Il existe entre la femme et l’homme une confrontation ardente que le romancier ne cesse d’évoquer. La femme possède un grand nombre de qualités: elle est jeune, belle, lucide, active, inspiratrice, médiatrice … tandis que l’homme est, dans beaucoup de cas, vaniteux, lâche, désespéré, impuissant, inactif. Demandons-nous pourquoi P.-J. Remy veut créer ce contraste? Quelle est la signification de cette opposition? Citons d’abord quelques exemples qui marquent la différence entre ces deux mondes.

Dans La Vie d’un héros, toutes les femmes sont intelligentes, lucides et discrètes. Elles constituent l’âme du roman, conduisant une à une le héros Xavier, de vieillard en vieillard jusqu’à son père inconnu (cf. VUH 692). En revanche, les hommes sont tous imprégnés de vanité et de violence. Rappelons-nous les traits de la mère de Xavier:

‘“à la fois attentive et généreuse, lumineuse et qui, dans le même temps, [possède] des pouvoirs plus obscurs, des forces souterraines, une sagesse d’au-delà la seule raison” (ibid. 691). ’

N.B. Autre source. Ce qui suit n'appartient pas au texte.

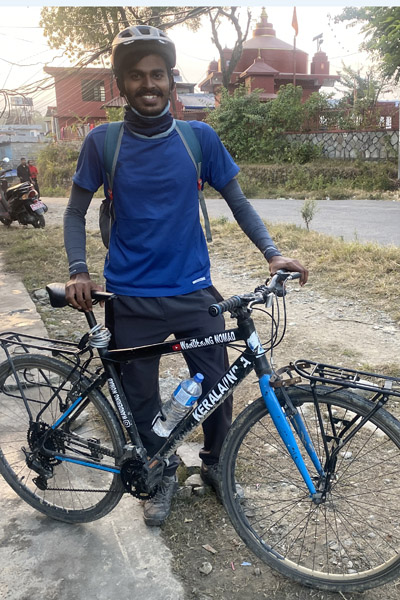 आफ्नो कामाईबाट बचत गरेको दश हजार भारु लिएर नेपालको लागि साईकल यात्रामा निस्केका उनी आफुले खाने सुत्ने सवै सरसामान आफु संग नै साईकलमा लिएर हिडेको बताउछन ।
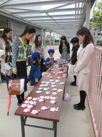 受付の机に並んだ名札の中から、自分の名前を見つけて嬉しそうな子どもたち。
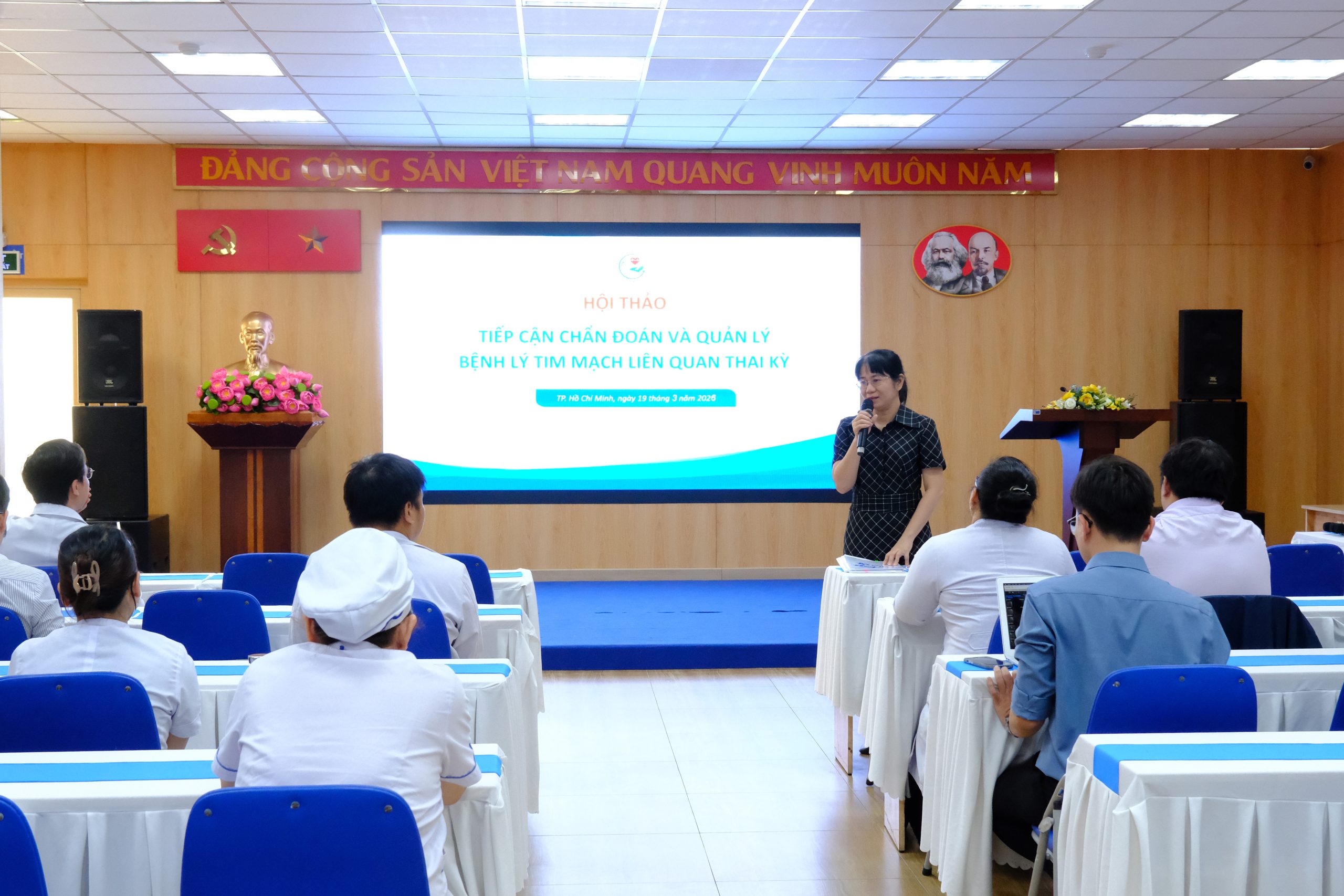 Chiều ngày 19/03/2026, Bệnh viện Đa khoa Thủ Đức đã tổ chức hội thảo khoa học với chủ đề “Tiếp cận chẩn đoán và quản lý bệnh lý tim mạch liên quan thai kỳ”. Chương trình do TS.BSCKII Trần Nguyễn Ái Thanh – Phó Giám đốc Bệnh viện chủ trì, với sự tham dự của đông đảo bác sĩ và nhân viên y tế.
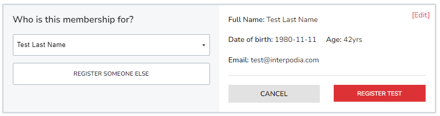 If you want to register someone other than yourself (for example, your children), simply click on "Register someone else" and enter their information.
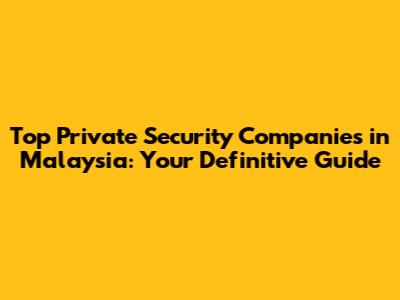 Hey guys! Navigating the world of security can be a real headache, right? Especially when you're looking for top-notch protection in a place like Malaysia. Whether you're a business owner, homeowner, or just someone who values peace of mind, finding the right private security company in Malaysia is super important. That's why I've put together this definitive guide to help you sort through the options and make the best choice for your needs. We're going to dive deep into what makes a great security company, what services they offer, and how to find the perfect fit for your specific situation. Let's get started!
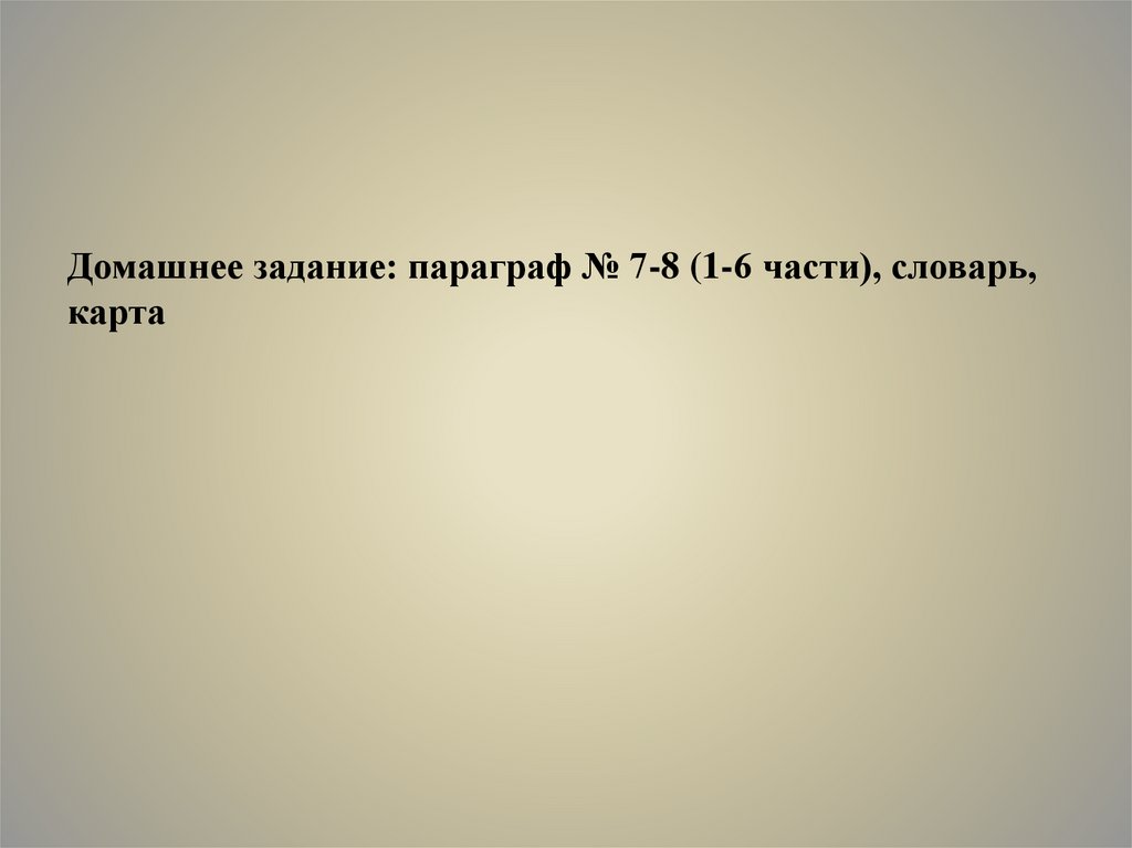 Домашнее задание: параграф № 7-8 (1-6 части), словарь,карта
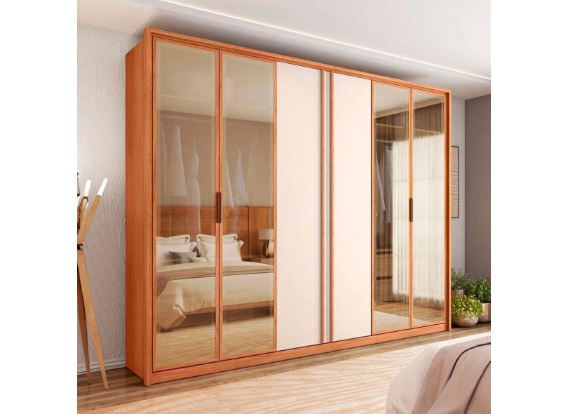 Guarda-Roupa Casal Cristal 6 Portas Reflecta 4 Gavetas Freijo/Off White - Caemmun
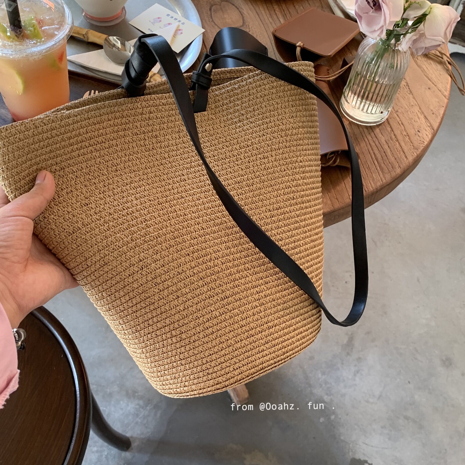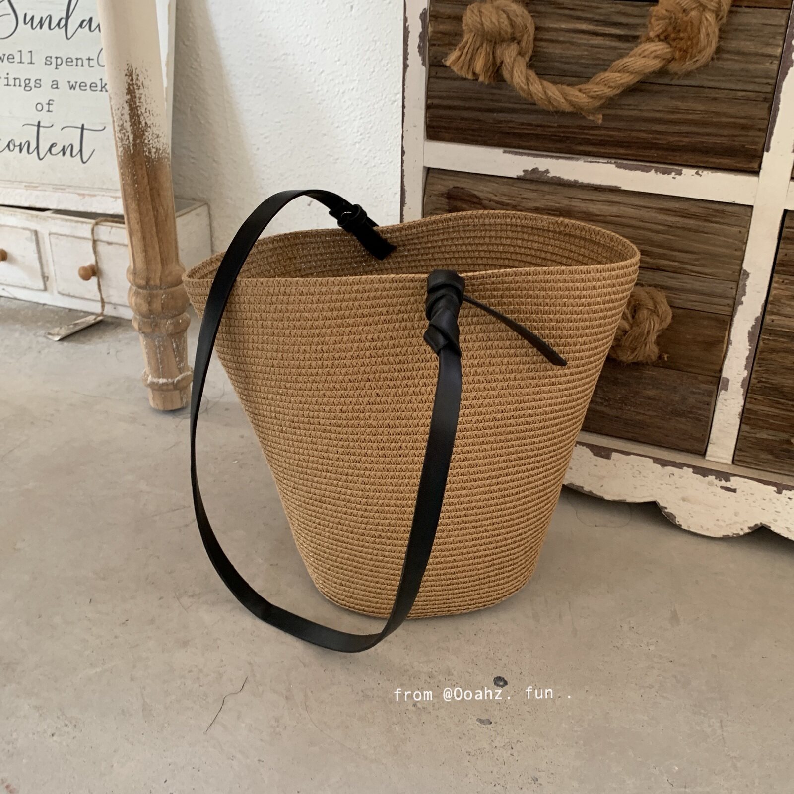 📚 榕树下 慵懒风日本草编包手提单肩包 度假高级感长肩带斜挎水桶包
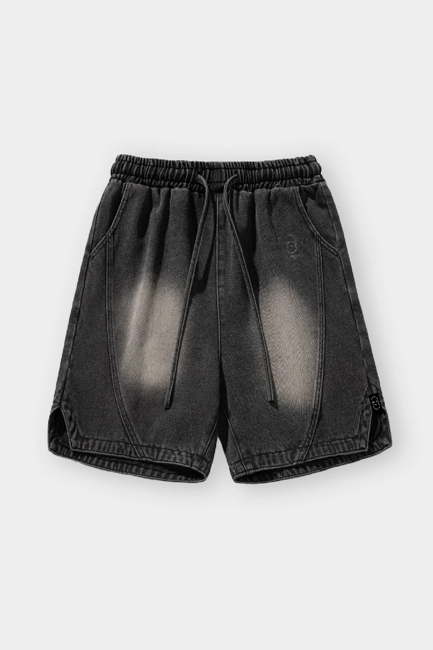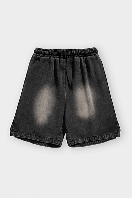 Шорты выполнены из прочного материала джинс.- Пояс на резинке с шнурком для регуляции
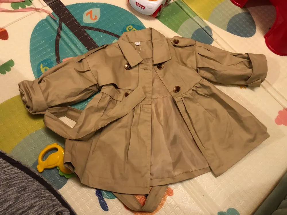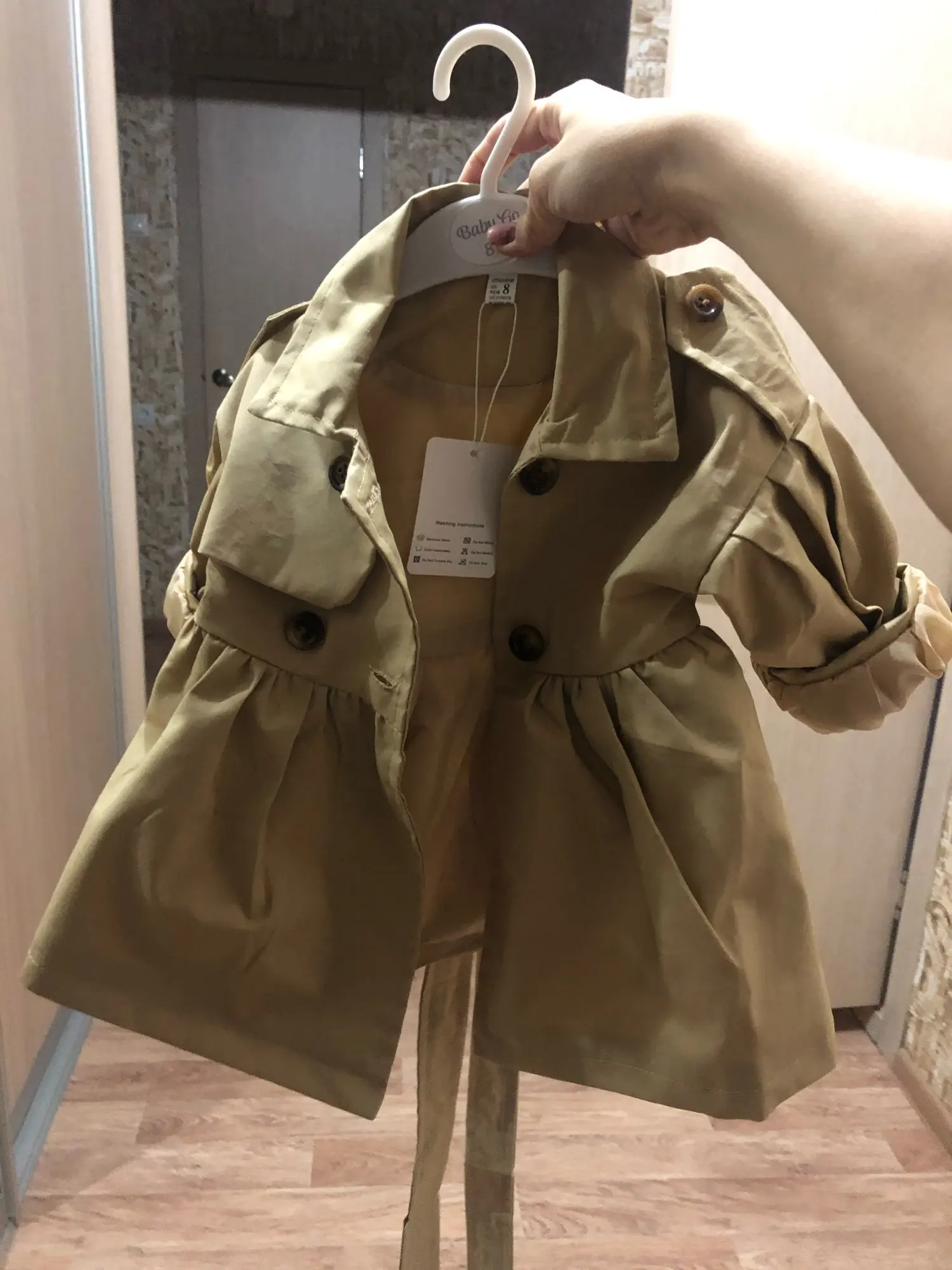 Взяла для дочки 2 лет. Носим одежду в основном 92 роста. Плащ подошёл. Рукава странные, широкие, попробую перешить пуговицы. Из минусов -ткань мнётся ( пока гладила, одновременно и мяла

Cette mère est placée sous le signe de “la Reine de la Nuit”, mais son rôle est tout à fait positif. Elle n’est pas la présence maléfique que Mozart a introduite au coeur de La Flûte enchantée et qui a bloqué le chemin de la vérité et de l’amour. Au contraire, même morte, elle reste toujours la lumière, l’amour et la vérité, tandis que le père, vivant, se cache d’une manière obstinée dans l’obscurité en soutenant la violence. Le romancier a confirmé lui-même la différence et la confrontation entre l’homme et la femme:

‘“Le véritable sujet de La Vie d’un héros, c’est la guerre des sexes, l’impossibilité qu’ont les hommes d’être fidèles à eux-mêmes, la facilité avec laquelle ils se livrent à toutes les compromissions!” 52

La confrontation acharnée de ces deux forces existe également dans Une Ville immortelle et Aria di Roma. Dans le premier livre, les femmes, représentées dans l’art et dans la ville, incarnent la jeunesse, la beauté, le charme, la fascination et la puissance, tandis que les hommes sont vieux, laids, vaniteux et impuissants. Dans le deuxième, les femmes identifiées à la force souterraine et à une Rome antique lancent un défi aux hommes, qui devraient réaliser chacun un chef-d’oeuvre. Mais face à cette puissance féminine, les hommes sont tous perdus et vaincus.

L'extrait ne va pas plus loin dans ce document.